An ES sink Firehose (SINK_TYPE=elasticsearch) requires the following variables to be set along with generic ones.

SINK_ES_CONNECTION_URLS

Elastic search connection URL/URLs to connect. Multiple URLs could be given in a comma separated format.

  • Example value: localhost1:9200
  • Type: required

SINK_ES_INDEX_NAME

The name of the index to which you want to write the documents. If it does not exist, it will be created.

  • Example value: sample_index
  • Type: required

SINK_ES_TYPE_NAME

Defines the type name of the Document in Elasticsearch.

  • Example value: Customer
  • Type: required

SINK_ES_ID_FIELD

The identifier field of the document in Elasticsearch. This should be the key of the field present in the message (JSON or Protobuf) and it has to be a unique, non-null field. So the value of this field in the message will be used as the ID of the document in Elasticsearch while writing the document.

  • Example value: customer_id
  • Type: required

SINK_ES_MODE_UPDATE_ONLY_ENABLE

Elasticsearch sink can be created in 2 modes: Upsert mode or UpdateOnly mode. If this config is set:

  • TRUE: Firehose will run on UpdateOnly mode which will only UPDATE the already existing documents in the Elasticsearch index.
  • FALSE: Firehose will run on Upsert mode, UPDATING the existing documents and also INSERTING any new ones.
    • Example value: TRUE
    • Type: required
    • Default value: FALSE

SINK_ES_INPUT_MESSAGE_TYPE

Indicates if the Kafka topic contains JSON or Protocol Buffer messages.

  • Example value: PROTOBUF
  • Type: required
  • Default value: JSON

SINK_ES_PRESERVE_PROTO_FIELD_NAMES_ENABLE

Whether or not the protobuf field names should be preserved in the Elasticsearch document.

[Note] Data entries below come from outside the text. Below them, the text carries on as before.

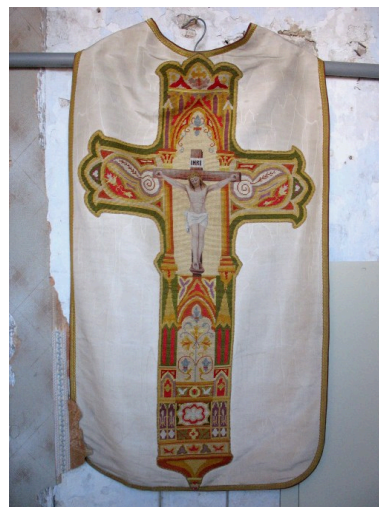
Chasuble : vue générale, dos IVR31_20106204173NUCA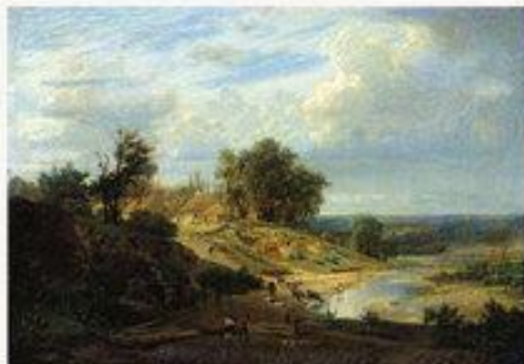
«Вид окрестностей Харькова»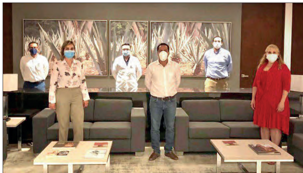
▲ En reunión con funcionarios federales del sector Salud, el gobernador Mauricio Vila reiteró la disposición de su gobierno de apoyar a hospitales del gobierno federal, sean del IMSS o el ISSSTE.

Al respecto, el gobernador agradeció, una vez más, la disposición del director general del IMSS para escuchar las peticiones de los yucatecos y trabajar en soluciones que se traduzcan en una mejor atención médica, así como para seguir colaborando con el gobierno del estado.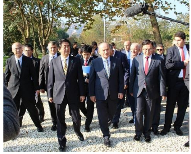
Bahçeyi Gezen Başbakan Abe ve Katılımcılar

Baltalimanı Japon Bahçesinin bu seferki onarımında İstanbul Büyükşehir Belediyesi tarafından Shimonoseki Belediyesine onarım işbirliği talebi alınarak, Japonya tarafından gönüllü Japon firmaları tarafından 'Baltalimanı Japon Bahçesi Onarım Projesi Komitesi'ni kurdu ve Shimonoseki Belediyesi Bahçe Düzenleme Kulübü yetkilileri tarafından İstanbul'a ziyaret yapılarak , İstanbul Büyükşehir Belediyesi Park Bahçe ve Yeşil Alanlar Daire Başkanlığı yetkilileriyle beraber, taşlı yolların yenilenmesi, fidan dikimi, çim alanların yenilenmesi, bahçe etrafındaki çitlerin düzenlenmesi gibi çalışmalar yapıldı. Ayrıca bu tadilatla çay evinin iç kısmı da estetik bir düzenlemeyle yeniden doğmuş gibi oldu.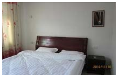
永定土楼承启楼( 农家饭庄 )

在永定，下洋是个住宿不错的选择，因为每个宾馆都有天然的温泉，下洋有个流行语“观下洋初溪土楼群，吃下洋小吃，浴下洋天然温泉”。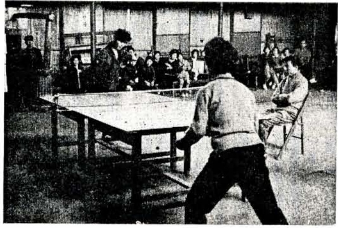
おかあさんの熱心な試合ぶり

また、四月七日補助グラウンドではじめて、前丹洋公民館と同木場公民館の親善ソフトボール試合が行なわれました。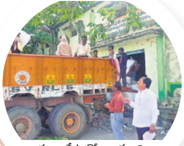
సూర్యాపేట గోదాం నుంచి మండలాలకు బతుకమ్మ చీరల తరలింపు

అక్టోబర్(ఎన్) మండలంలో 20,192 మంది, చివ్వెలంలో 18,198, పెన్పహాడంలో 14,720, సూర్యాపేట పట్టణంలో 28,747, సూర్యాపేట రూరల్లో 20,229 జాజిడిగూడెంలో 11,254, నూతనకల్లో 12,878, నాగారంలో 11,819, మద్దిలాలలో 12,056, తిరుమలగిరి మున్సిపాలిటీలో 7,818, తిరుమలగిరి రూరల్లో 7,482, తుంగభద్రలో 16,403, అనంతగిరిలో 12,105, మోతెలో 16,856, చిలుకూరులో 14,714, కోదాడ పట్టణంలో 19,177, కోదాడ రూరల్లో 18,059, మునుగలలో 16,113, నడిగూడెంలో 11,298, చింతలపాలెంలో 13,757, గడిపల్లిలో 20,223, హుజూర్ నగర్ పట్టణంలో 11,241, హుజూర్ నగర్ రూరల్లో 9,192, మచిలీపట్నంలో 16,512, మెళ్లచెర్వులో 14,293, నేడపల్లె మున్సిపాలిటీలో 4,218, నేడపల్లె రూరల్లో 9,419, పాలకవీడు మండలంలో 9,347 మంది మహిళలకు బతుకమ్మ చీరలు ఇవ్వనున్నారు.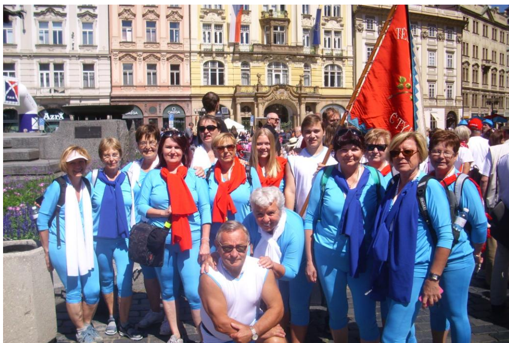
Cvičenci skladby "Spolu" ze Čtyř Dvorů na Staroměstském náměstí.

Vedle zajištění pravidelných hodin a sletových akcí uspořádala jednota tradiční a úspěšnou Čarodějnou noc s táborákem u sokolovny. Děti se zúčastnily atletických závodů na Sokolském ostrově. Veřejné cvičební hodiny jednotlivých oddílů dětí v prosinci v rámci Mikulášské nadílky se setkaly s velmi příznivým ohlasem ze strany rodičů. Podobnou akci uspořádal i oddíl Kendó. Rok zakončili členové jednoty tradičním „Zdobením vánočního stromu v lese“.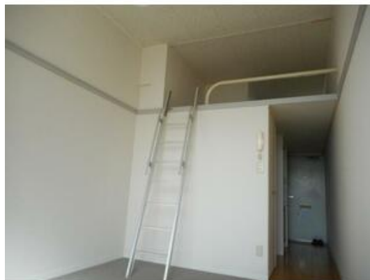
天井が高く、明るい室内♪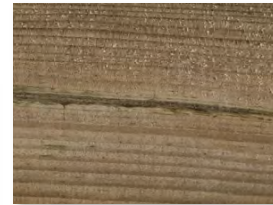
Dunkle Stellen auf der Oberfläche

Holz ist ein Naturprodukt. Da ist es verständlich, dass unterschiedliche Partien auch unterschiedliche Farben aufweisen. Aber auch auf einem einzelnen Stück Holz stellen unterschiedliche Farbnuancen keinen Reklamationsgrund dar. Die Farbunterschiede begründen sich zum Beispiel in der Pigmentierung des Holzes. Im Laufe der Zeit gleichen sich die Stellen jedoch durch Witterungseinflüsse farblich an.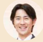
Comments by 里中 憲一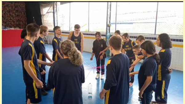
ATIVIDADE EM GRUPO / AULA DE EDUCAÇÃO FÍSICA TURMA: 8º ANO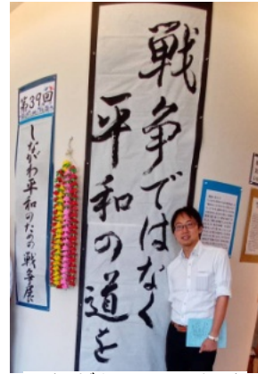
しながわ平和のため の戦争展にて

If false the fields will be converted to camel case.

  • Example value: FALSE
  • Type: required
  • Default value: TRUE

SINK_ES_REQUEST_TIMEOUT_MS

Defines the request timeout of the elastic search endpoint. The value specified is in milliseconds.

  • Example value: 60000
  • Type: required
  • Default value: 60000

SINK_ES_SHARDS_ACTIVE_WAIT_COUNT

Defines the number of shard copies that must be active before proceeding with the operation. This can be set to any non-negative value less than or equal to the total number of shard copies (number of replicas + 1).

  • Example value: 1
  • Type: required
  • Default value: 1

SINK_ES_RETRY_STATUS_CODE_BLACKLIST

List of comma-separated status codes for which Firehose should not retry in case of UPDATE ONLY mode is TRUE

  • Example value: 404,400
  • Type: optional

SINK_ES_ROUTING_KEY_NAME

Defines the proto field whose value will be used for routing documents to a particular shard in Elasticsearch. If empty, Elasticsearch uses the ID field of the doc by default.

  • Example value: service_type
  • Type: optional